As expected, most of the signals are from the major histocompatibility complex (MHC) region: 32/55 (SMR) and 51/89 (mapping) genes within eGene (Table S2 and Fig. 1a), and 41/78 and 74/133 (mapping) genes within eJunction (Tables S2–S5). The MHC is located in chromosome 6p21 and contains crucial regulators of the immune response. The MHC is the most gene dense and most polymorphic region of the human genome [27]. Complement component 4 (C4) structural variation was recently demonstrated to be related to the expression of C4A and C4B in postmortem brain [28]. In the current study, while C4A was detected in three brain regions in gene level by both SMR and fine mapping, C4A was also determined across ten brain regions in junction level by the two methods (Figs. 1b, c and S3 and Tables S4 and S5).

Determination of splicing junctions

Alternative pre-mRNA splicing is a regulated process that results in a single gene coding for multiple proteins by including or excluding particular exons of a gene. This generates spliced mRNAs that direct the synthesis of a diverse set of proteins with varied biological functions. To illuminate our understanding of SCZ risk in splicing junction level, we systematically evaluated the exon–exon junctions in the human brain. We found eight splicing junctions located within four genes: Exon_2.3.1 and Exon_2.3.2 in ARL6IP4; Exon_1.4, Exon_2.4, and Exon_3.4 in APOPT1; Exon_3.4 and Exon_2.4 in CYP2D6 (Fig. 2 and Table 1), including Exon 8.10 in SNX19 as previously reported [10]. These junctions tag potential transcripts with alternative exonic boundaries (ARL6IP4 Exon_2.3.1 and Exon_2.3.2) or exon skipping (CYP2D6 Exon_3.4, SNX19 Exon_8.10, and APOPT1 Exon_1.4 and Exon_2.4) (Fig. 2). In prior work, we have systematically characterized splice junctions between exon 8 and exon 10 in SNX19 [10].

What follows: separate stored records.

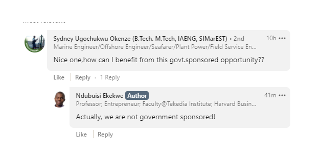 Good People, we appreciate the interests. But let me make it clear that Tekedia programs are not government sponsored. Like this comment here, it is popping up everywhere and our emails that our programs are government sponsored. No, we are sponsored by the people and not the government. Sure, we do offer many scholarships but that some attend free does not mean this is a government program.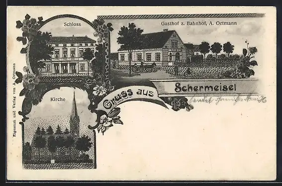 AK Schermeisel, Gasthof zum Bahnhof, Schloss, Kirche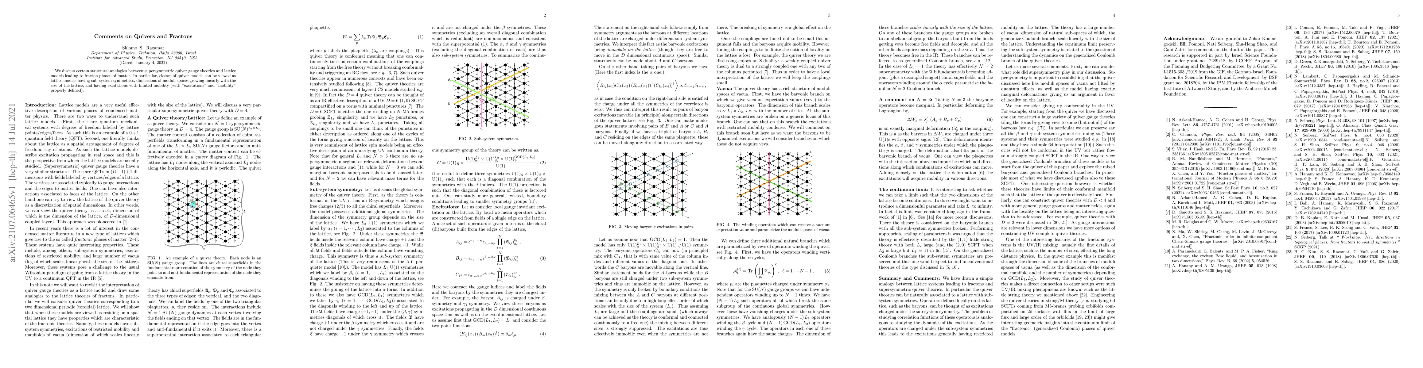 We discuss certain structural analogies between supersymmetric quiver gauge theories and lattice models leading to fracton phases of matter. In particular, classes of quiver models can be viewed as lattice models having sub-system symmetries, dimensions of moduli spaces growing linearly with the size of the lattice, and having excitations with limited mobility (with "excitations" and "mobility" properly defined).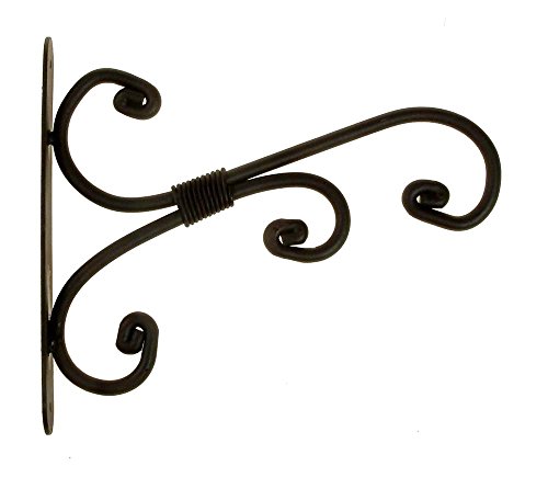 The arched scroll plant bracket is wire wrap. These black brackets have a charming design of scrolls and arches. This are powder coated finish. Weather and rust resistant. Measures 8-inch.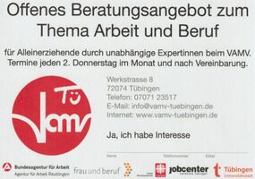 Das Angebot wurde unter Mitwirkung des VAMV von der AG Arbeit des Runden Tisch Kinderarmut der Stadt Tübingen entwickelt und ist unabhängig, unverbindlich und kostenlos.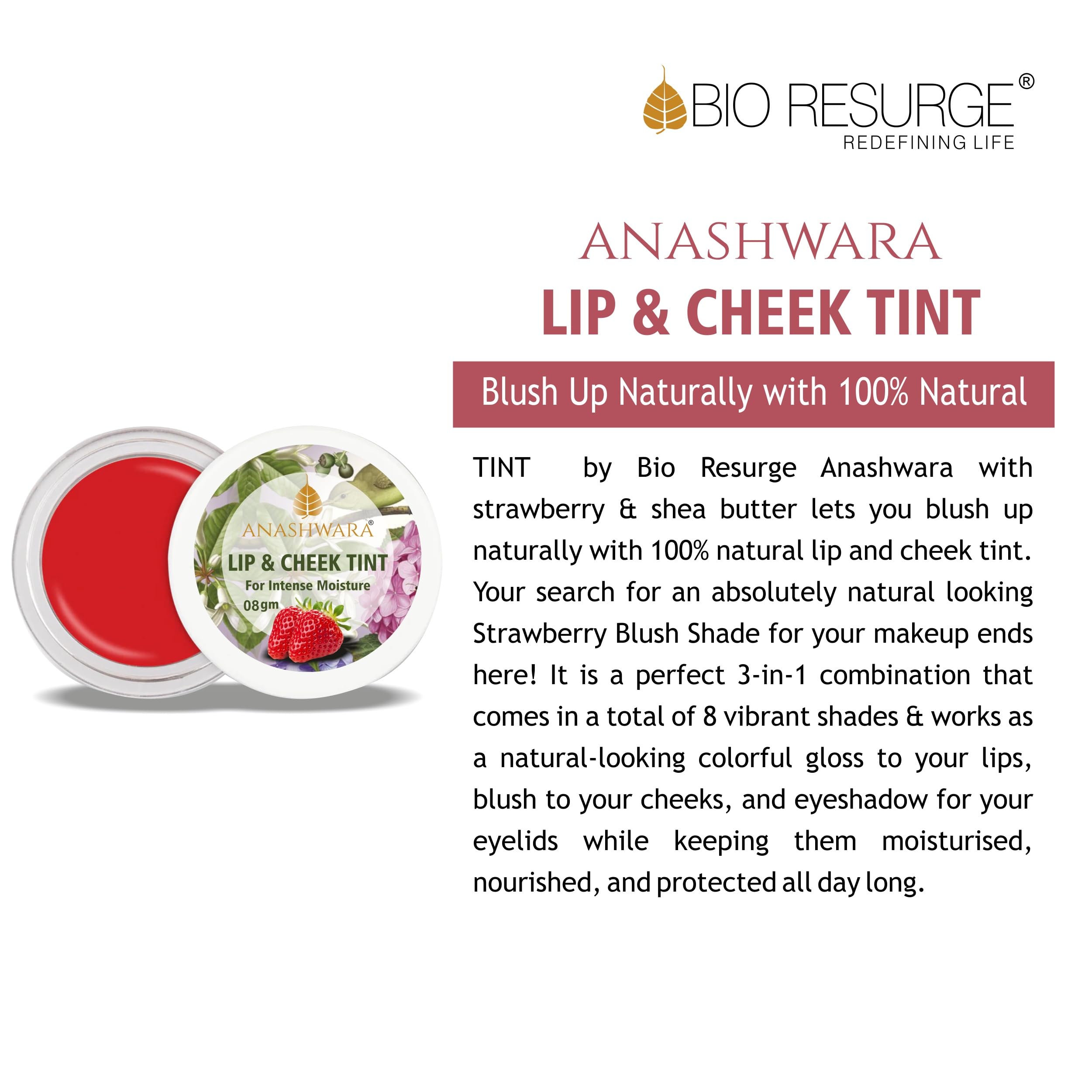 LIP & CHEEK TINT by Bio Resurge Anashwara with strawberry & shea butter lets you blush up naturally with 100% natural lip and cheek tint. Your search for an absolutely natural-looking Strawberry Blush Shade for your makeup ends here! It is a perfect 3-in-1 combination that comes in a total of 8 vibrant shades & works as a natural-looking colorful gloss to your lips blushes to your cheeks and eye shadow for your eyelids while keeping them moisturized nourished and protected all day long.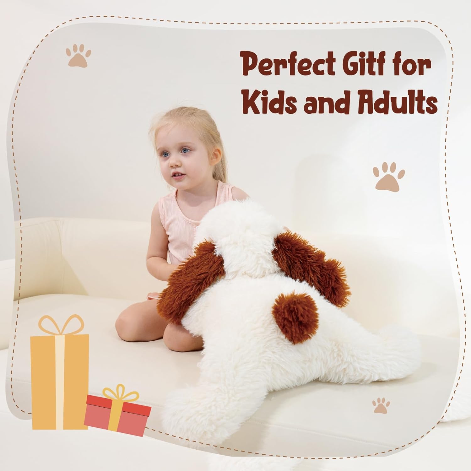 Premium Materials and Meticulous Craftsmanship: Made with mushy materials, this weighted canine plush toy feels delicate and elastic towards the pores and skin. Each element, from the white physique to the brown ears, is rigorously designed. Tremendous stitching ensures sturdiness whereas sustaining a sensible and lovely look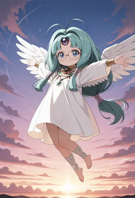 appearance : aqua hair, blue eyes, antenna hair, low tied long hair, jewelry, forehead jewel, white dress, angel wing, glasses, hair tube, barefoot,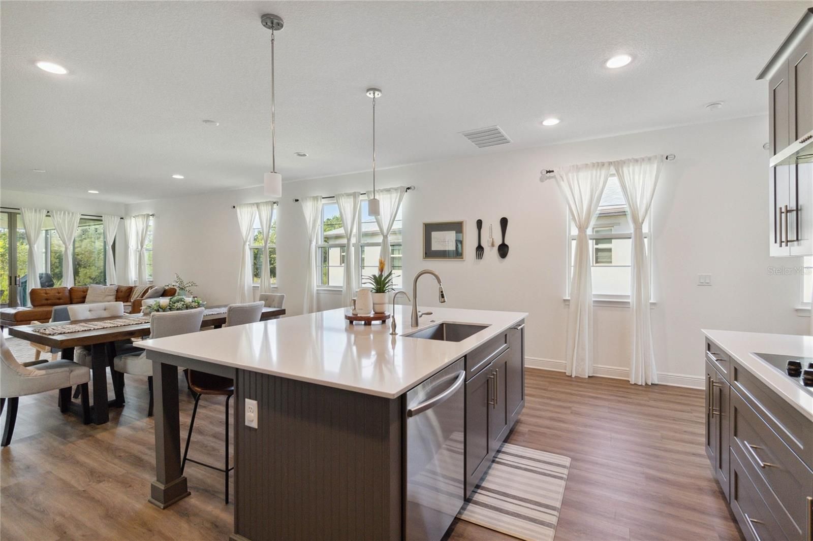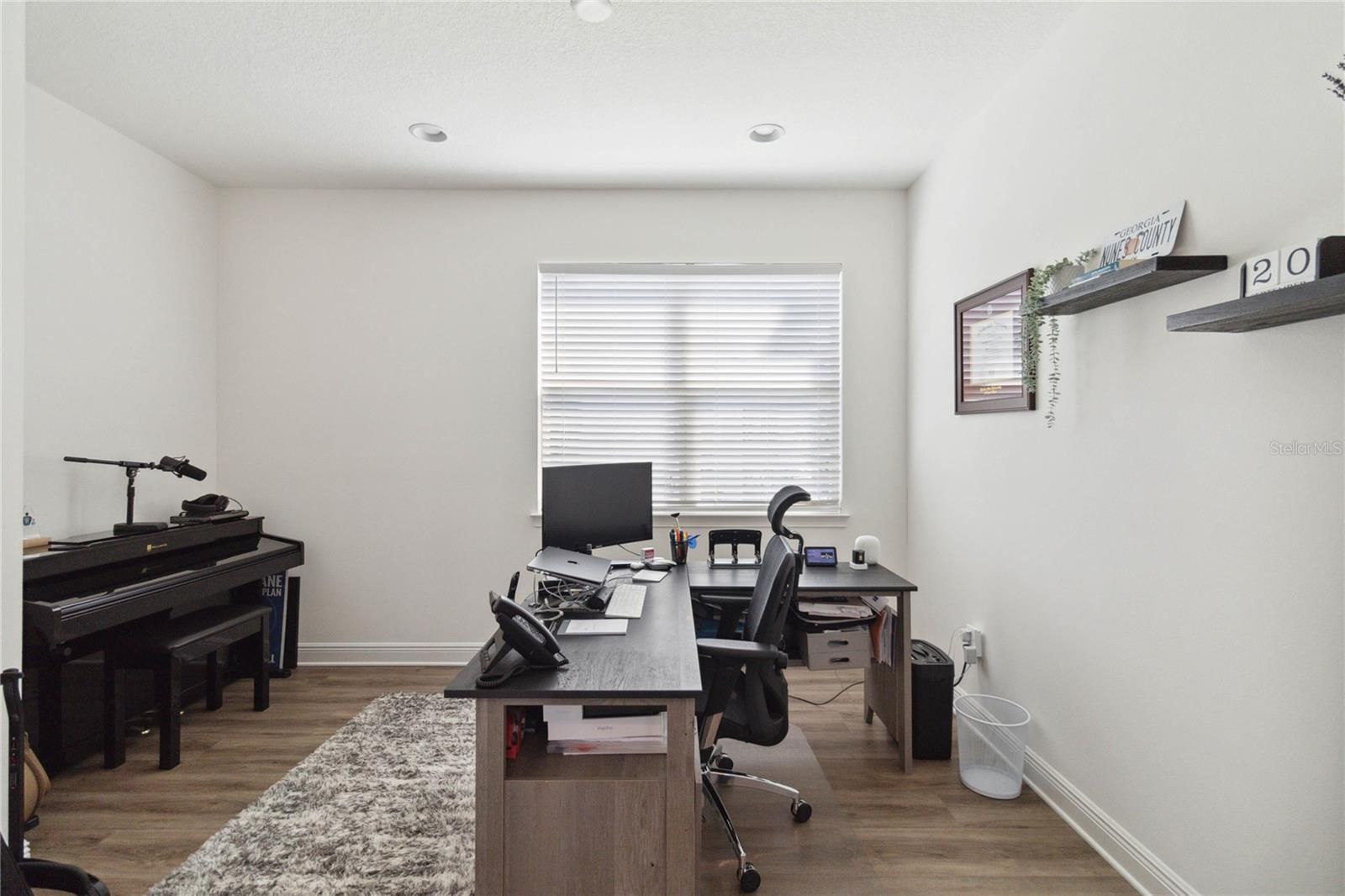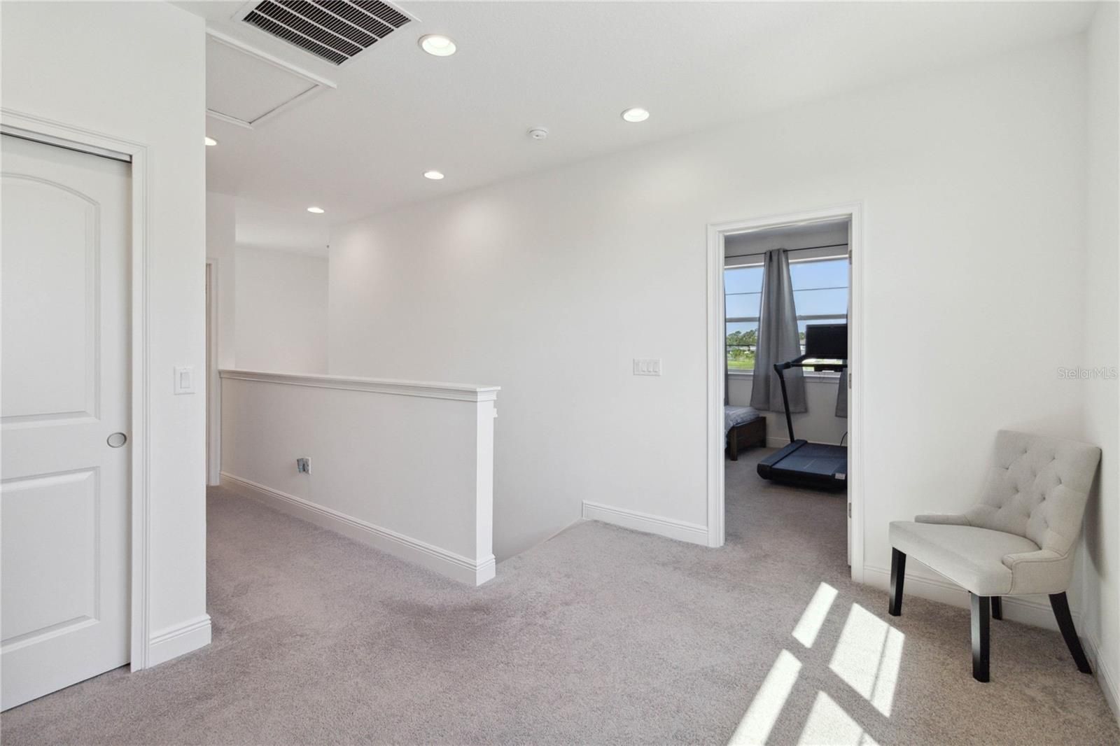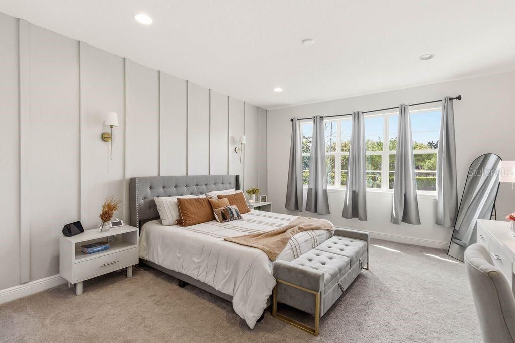Welcome to this stunning, spacious home in the highly sought-after Harmony community—a gated, family-friendly neighborhood known for its top-rated, A-rated schools and exceptional amenities. This thoughtfully designed residence features 4 generous bedrooms, including a luxurious primary suite conveniently located on the main floor. Upstairs, you'll find a versatile layout with one bedroom offering a private ensuite, plus two additional bedrooms, a full bathroom, and a cozy loft. The main level boasts an open-concept design that seamlessly connects the living, dining, and beautifully upgraded kitchen—ideal for both everyday living and entertaining. The kitchen is a true centerpiece, showcasing modern finishes and high-end appliances that will delight any home chef. A dedicated office downstairs offers flexibility and can easily serve as a 5th bedroom. Additional conveniences include a laundry room and a half bath on the main floor. Natural light pours into the home through large windows and expansive sliding glass doors, leading to a serene screened-in lanai. Enjoy peaceful outdoor living with a spacious, private backyard and no neighbors in the front or rear—providing rare privacy and tranquility. Living in Harmony means access to incredible amenities, including two resort-style pools, a splash pad, basketball and volleyball courts, a soccer field, boat dock, scenic nature trails, and dog parks—all surrounded by beautiful natural landscapes. Don’t miss the opportunity to own this exceptional home in one of the area’s most desirable communities!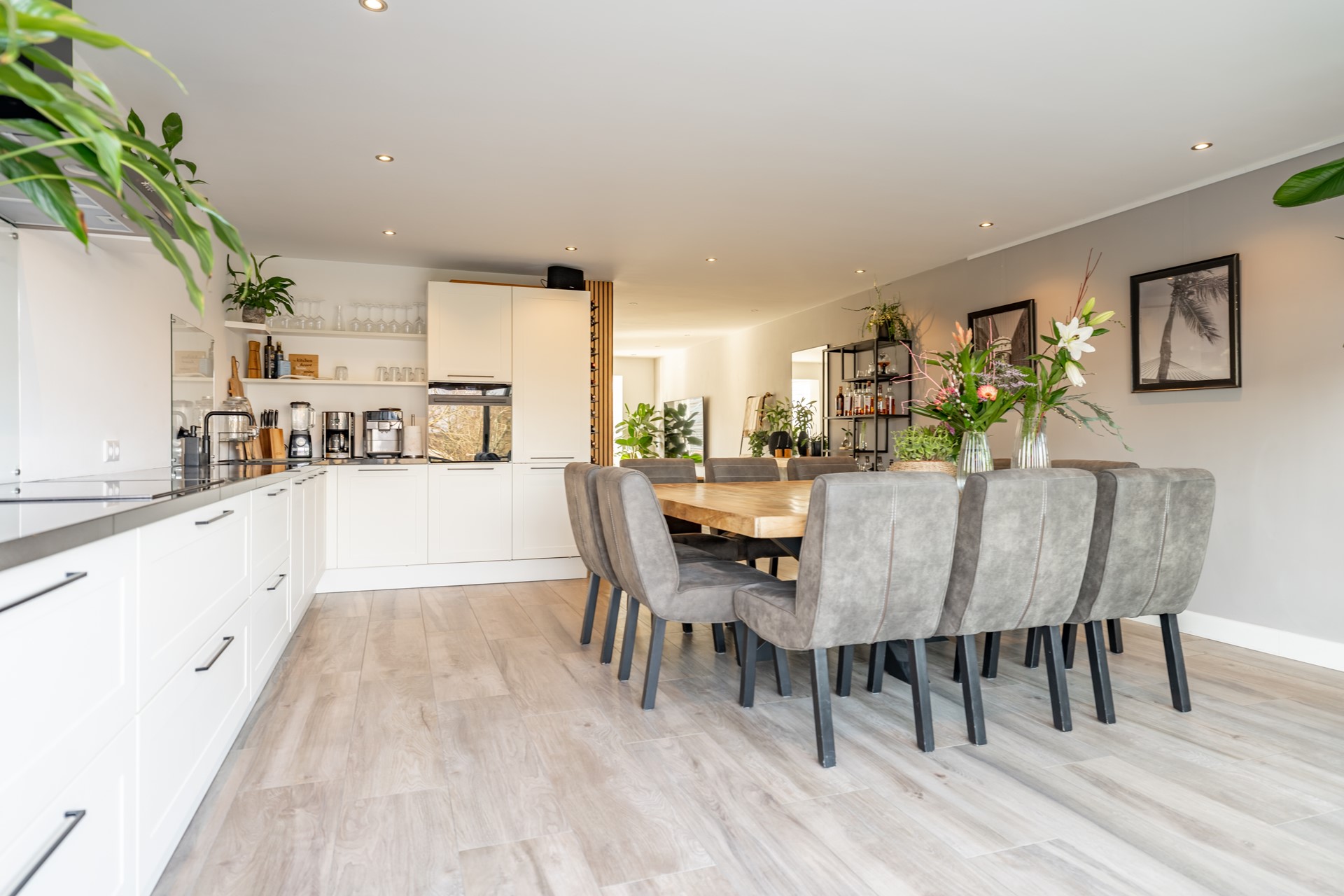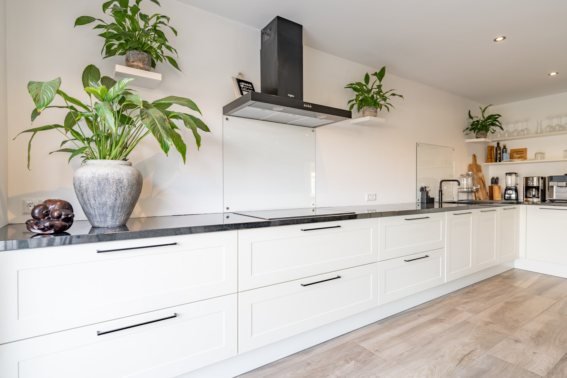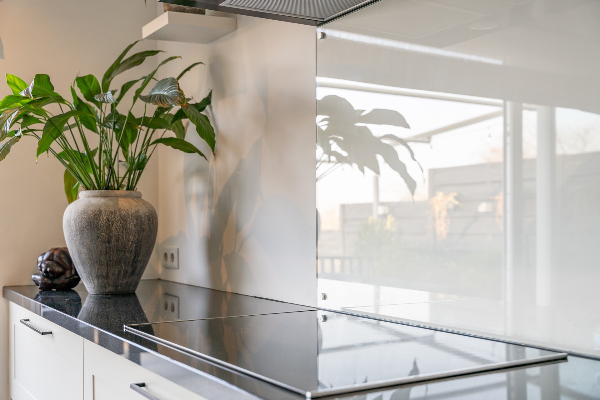 Aan de achterzijde is de woning in 2020 circa 3,5 meter uitgebouwd. Hierdoor is een ruime leefkeuken ontstaan die het hart van de woning vormt. De keuken is luxe uitgevoerd en voorzien van diverse inbouwapparatuur zoals een oven, koelkast, vriezer, afzuigkap, keramische kookplaat en een Quooker met gefilterd én sparkling water. Het granieten werkblad geeft de keuken een stijlvolle en robuuste uitstraling.

Fig. 2: Splicing junctions on gene structures.
figure 2

Red bar at chromosomes indicates the gene physical position on the chromosome. Green boxes represent exons; blue boxes represent untranslated regions; solid yellow lines indicate introns; yellow arrows on yellow lines indicate gene transcriptional directions. Red arrows indicate identified junctions: Exon_2.3.1 (chr12:123465814–123466117) and Exon_2.3.2 (chr12:123465847–123466117) in ARL6IP4; Exon_1.4 (chr14:104029462–104053610), Exon_2.4 (chr14:104038158–104053610), and Exon_3.4 (chr14:104040508–104053610) in APOPT1; and Exon_3.4 (chr22:42524947–42525034) and Exon_2.4 (chr22:42522995–42523448) in CYP2D6. The association of SNX19 splicing junction Exon_8.10 has been previously characterized in our prior work [10]. Relative position of CYP2D6 SNPs and histone marker are indicated.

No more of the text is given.